* **Task statement**: Once you reach the line containing "大会第二阶段,大会依次审议通" in the data below, restate each line word for word up to and including the one containing "Почтовые марки. Парагвай, 1974".

[Data excerpts]
====

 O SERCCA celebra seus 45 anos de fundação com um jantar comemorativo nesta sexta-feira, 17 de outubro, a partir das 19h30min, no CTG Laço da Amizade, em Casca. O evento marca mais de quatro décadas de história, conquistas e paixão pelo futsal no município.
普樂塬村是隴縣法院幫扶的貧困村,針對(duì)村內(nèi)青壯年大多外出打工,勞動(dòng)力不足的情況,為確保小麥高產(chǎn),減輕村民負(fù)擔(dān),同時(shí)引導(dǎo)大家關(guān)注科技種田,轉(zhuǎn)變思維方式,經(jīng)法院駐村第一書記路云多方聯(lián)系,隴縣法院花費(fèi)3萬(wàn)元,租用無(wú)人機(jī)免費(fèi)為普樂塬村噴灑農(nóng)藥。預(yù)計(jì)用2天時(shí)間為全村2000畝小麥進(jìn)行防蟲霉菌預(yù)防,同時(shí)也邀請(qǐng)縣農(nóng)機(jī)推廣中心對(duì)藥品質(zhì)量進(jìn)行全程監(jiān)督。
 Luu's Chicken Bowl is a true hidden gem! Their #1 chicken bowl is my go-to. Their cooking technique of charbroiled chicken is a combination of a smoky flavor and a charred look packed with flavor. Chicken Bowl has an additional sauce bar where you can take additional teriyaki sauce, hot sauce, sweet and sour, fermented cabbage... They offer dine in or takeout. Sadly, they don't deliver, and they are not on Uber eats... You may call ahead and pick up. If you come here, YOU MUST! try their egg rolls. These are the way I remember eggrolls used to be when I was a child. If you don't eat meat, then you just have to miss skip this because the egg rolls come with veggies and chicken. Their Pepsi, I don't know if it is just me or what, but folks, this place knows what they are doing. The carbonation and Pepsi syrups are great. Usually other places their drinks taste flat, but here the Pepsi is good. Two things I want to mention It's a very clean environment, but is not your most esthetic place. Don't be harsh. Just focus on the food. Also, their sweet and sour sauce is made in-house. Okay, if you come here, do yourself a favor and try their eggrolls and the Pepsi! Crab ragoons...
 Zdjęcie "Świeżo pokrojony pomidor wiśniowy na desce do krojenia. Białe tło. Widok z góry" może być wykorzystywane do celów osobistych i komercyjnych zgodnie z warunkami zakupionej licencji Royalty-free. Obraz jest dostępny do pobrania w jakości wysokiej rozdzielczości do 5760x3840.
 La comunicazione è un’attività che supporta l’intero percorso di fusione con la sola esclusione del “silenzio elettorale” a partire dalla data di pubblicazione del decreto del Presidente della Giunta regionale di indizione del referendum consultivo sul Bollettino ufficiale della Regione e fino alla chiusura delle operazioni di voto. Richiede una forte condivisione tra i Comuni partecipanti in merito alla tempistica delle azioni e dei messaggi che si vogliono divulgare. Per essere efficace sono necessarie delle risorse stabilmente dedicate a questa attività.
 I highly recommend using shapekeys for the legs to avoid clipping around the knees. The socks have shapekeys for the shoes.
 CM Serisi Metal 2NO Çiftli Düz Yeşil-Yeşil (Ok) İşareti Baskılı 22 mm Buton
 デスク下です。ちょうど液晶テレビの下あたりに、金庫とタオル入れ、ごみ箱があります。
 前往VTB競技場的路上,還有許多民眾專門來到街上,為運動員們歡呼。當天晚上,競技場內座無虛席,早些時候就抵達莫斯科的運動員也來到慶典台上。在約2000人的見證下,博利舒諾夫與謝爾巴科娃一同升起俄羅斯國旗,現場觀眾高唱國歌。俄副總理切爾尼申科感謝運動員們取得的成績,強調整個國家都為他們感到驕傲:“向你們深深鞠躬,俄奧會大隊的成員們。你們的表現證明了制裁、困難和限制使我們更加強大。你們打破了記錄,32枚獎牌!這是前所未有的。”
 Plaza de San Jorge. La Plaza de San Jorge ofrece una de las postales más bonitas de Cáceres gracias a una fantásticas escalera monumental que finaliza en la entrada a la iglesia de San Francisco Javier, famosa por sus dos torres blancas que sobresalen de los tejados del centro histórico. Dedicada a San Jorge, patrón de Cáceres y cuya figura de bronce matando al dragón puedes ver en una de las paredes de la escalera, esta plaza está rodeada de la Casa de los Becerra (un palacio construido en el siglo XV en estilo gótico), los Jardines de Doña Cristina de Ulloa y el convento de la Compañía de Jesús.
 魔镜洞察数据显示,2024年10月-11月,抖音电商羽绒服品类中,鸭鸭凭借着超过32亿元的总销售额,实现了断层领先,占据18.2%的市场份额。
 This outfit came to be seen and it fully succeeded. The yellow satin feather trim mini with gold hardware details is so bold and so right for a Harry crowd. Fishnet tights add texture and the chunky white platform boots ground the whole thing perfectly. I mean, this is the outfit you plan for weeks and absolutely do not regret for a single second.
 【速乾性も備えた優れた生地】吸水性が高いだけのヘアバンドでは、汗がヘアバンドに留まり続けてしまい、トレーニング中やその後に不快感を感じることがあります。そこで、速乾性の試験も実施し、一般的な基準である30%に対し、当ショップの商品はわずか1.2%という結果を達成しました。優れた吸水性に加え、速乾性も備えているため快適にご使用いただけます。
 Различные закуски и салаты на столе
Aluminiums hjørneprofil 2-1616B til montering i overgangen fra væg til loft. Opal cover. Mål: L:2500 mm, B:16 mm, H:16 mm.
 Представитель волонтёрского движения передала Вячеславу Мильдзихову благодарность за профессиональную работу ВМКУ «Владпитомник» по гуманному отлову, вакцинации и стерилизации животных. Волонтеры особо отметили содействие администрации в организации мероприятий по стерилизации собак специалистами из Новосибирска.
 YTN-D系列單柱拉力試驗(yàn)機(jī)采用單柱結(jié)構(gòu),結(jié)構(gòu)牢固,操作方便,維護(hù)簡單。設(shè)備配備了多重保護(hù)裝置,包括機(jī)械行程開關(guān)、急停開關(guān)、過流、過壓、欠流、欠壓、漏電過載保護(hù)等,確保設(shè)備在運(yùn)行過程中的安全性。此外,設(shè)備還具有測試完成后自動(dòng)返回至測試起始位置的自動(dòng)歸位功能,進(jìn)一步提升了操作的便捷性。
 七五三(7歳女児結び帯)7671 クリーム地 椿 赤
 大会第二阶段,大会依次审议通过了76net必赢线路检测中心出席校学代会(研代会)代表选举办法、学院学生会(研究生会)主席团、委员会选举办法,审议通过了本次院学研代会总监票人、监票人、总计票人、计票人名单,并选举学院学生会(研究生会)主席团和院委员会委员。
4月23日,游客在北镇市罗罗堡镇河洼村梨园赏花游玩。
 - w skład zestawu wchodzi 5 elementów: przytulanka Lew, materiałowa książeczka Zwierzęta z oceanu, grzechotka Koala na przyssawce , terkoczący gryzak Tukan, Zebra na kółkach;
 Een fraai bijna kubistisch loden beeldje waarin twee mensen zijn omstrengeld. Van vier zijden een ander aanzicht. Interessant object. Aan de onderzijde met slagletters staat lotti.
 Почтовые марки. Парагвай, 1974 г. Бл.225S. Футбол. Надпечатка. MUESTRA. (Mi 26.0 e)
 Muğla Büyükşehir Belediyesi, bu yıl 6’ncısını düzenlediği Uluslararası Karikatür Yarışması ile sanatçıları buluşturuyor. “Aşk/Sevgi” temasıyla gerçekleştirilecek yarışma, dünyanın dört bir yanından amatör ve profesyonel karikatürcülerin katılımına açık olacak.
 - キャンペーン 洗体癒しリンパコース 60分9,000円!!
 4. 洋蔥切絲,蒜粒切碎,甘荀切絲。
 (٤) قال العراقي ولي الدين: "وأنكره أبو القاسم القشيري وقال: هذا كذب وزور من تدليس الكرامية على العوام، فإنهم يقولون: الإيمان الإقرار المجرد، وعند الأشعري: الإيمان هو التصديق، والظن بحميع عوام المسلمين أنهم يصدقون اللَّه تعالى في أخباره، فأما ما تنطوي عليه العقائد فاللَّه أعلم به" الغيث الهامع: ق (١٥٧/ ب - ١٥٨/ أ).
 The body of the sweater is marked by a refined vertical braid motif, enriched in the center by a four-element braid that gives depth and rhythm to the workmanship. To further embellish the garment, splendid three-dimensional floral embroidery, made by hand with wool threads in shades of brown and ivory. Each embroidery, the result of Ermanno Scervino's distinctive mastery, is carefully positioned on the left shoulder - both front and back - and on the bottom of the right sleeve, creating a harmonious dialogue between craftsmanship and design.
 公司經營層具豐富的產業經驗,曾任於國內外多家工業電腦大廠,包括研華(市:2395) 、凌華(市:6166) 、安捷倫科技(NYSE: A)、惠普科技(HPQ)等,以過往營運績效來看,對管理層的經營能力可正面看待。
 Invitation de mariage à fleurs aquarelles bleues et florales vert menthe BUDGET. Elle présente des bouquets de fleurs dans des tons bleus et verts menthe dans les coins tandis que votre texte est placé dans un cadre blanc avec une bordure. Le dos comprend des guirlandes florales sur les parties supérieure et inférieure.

====

* **Result for this task**:
 大会第二阶段,大会依次审议通过了76net必赢线路检测中心出席校学代会(研代会)代表选举办法、学院学生会(研究生会)主席团、委员会选举办法,审议通过了本次院学研代会总监票人、监票人、总计票人、计票人名单,并选举学院学生会(研究生会)主席团和院委员会委员。
4月23日,游客在北镇市罗罗堡镇河洼村梨园赏花游玩。
 - w skład zestawu wchodzi 5 elementów: przytulanka Lew, materiałowa książeczka Zwierzęta z oceanu, grzechotka Koala na przyssawce , terkoczący gryzak Tukan, Zebra na kółkach;
 Een fraai bijna kubistisch loden beeldje waarin twee mensen zijn omstrengeld. Van vier zijden een ander aanzicht. Interessant object. Aan de onderzijde met slagletters staat lotti.
 Почтовые марки. Парагвай, 1974 г. Бл.225S. Футбол. Надпечатка. MUESTRA. (Mi 26.0 e)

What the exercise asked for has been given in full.